Overall ionic equation
2Na(+)+CO3(2-)+2HF===>2Na(+)+2F(-)+H2O+CO2
could someone please elaborate, I'm not sure why or why not sodium carbonate or the sodium fluoride should be written as ions. So if a soluble solid is added to something dissolved in water will it dissociate into ions too.

2)Can something covalent dissociate in water? How do you write the overall ionic equation for SO2+H2O===>H2SO3? Will the SO2 dissociate into ions?

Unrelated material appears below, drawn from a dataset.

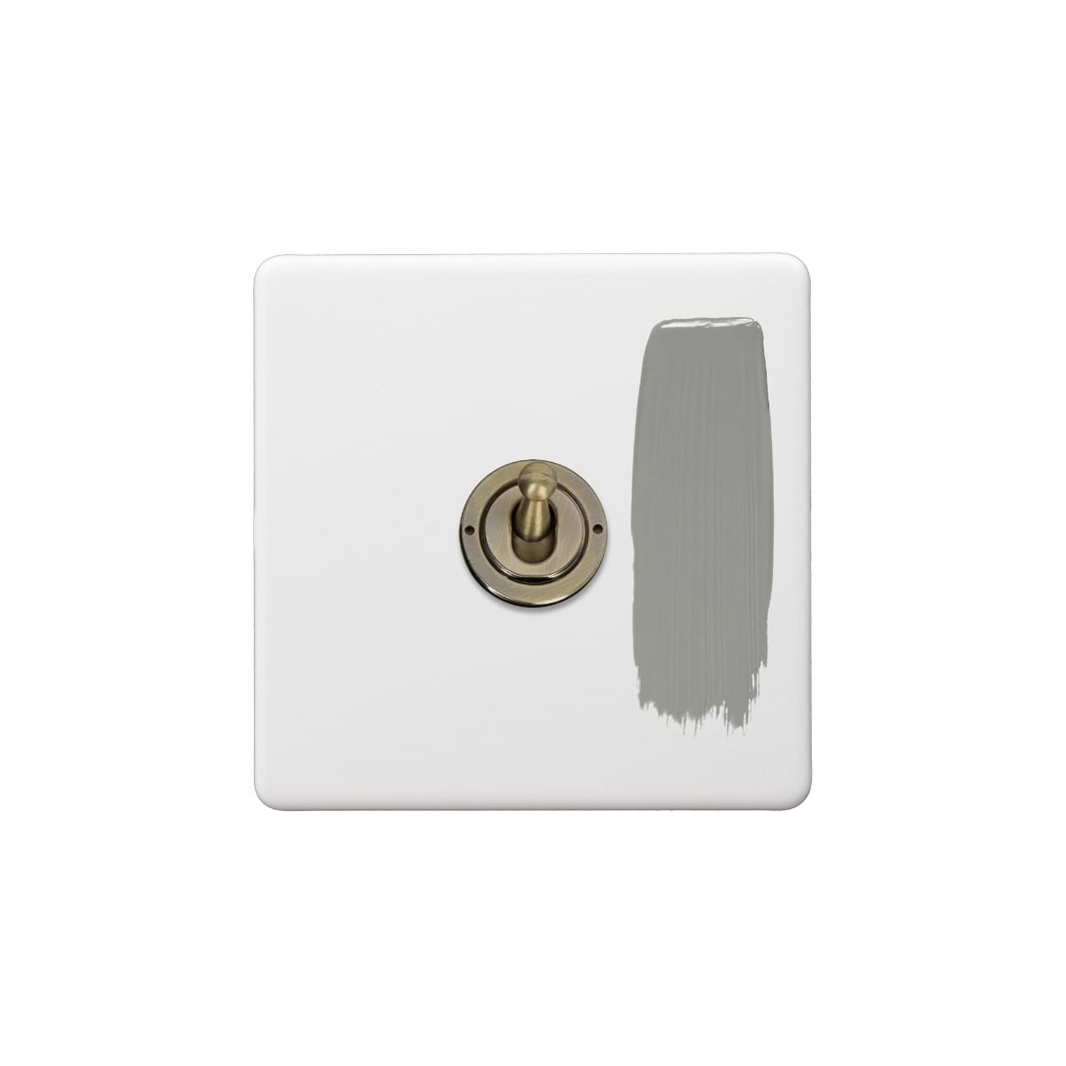 This Primed Paintable 1 Gang Toggle Light Switch 2 Way with Antique Brass Switch is a luxury paintable primed plate with a antique brass switch. This innovative design allows you to match your switches and sockets with your preferred wall colour for a seamless finish.

Will the H2SO# dissociate into ions??

Thank you for checking my work and helping me with #2

2007-06-20 10:10:13 · 1 answers · asked by Anonymous in Science & Mathematics Chemistry

1 answers

It sounds like a trick philosophical question to me. I'll go for the overall ionic equation, because Na2CO3(s) dissolves in water in any case. If you put solid Na2CO3 into a water solution of any thing, it is not going to sit there. "Pardon: I don't have teacher's permission to dissolve."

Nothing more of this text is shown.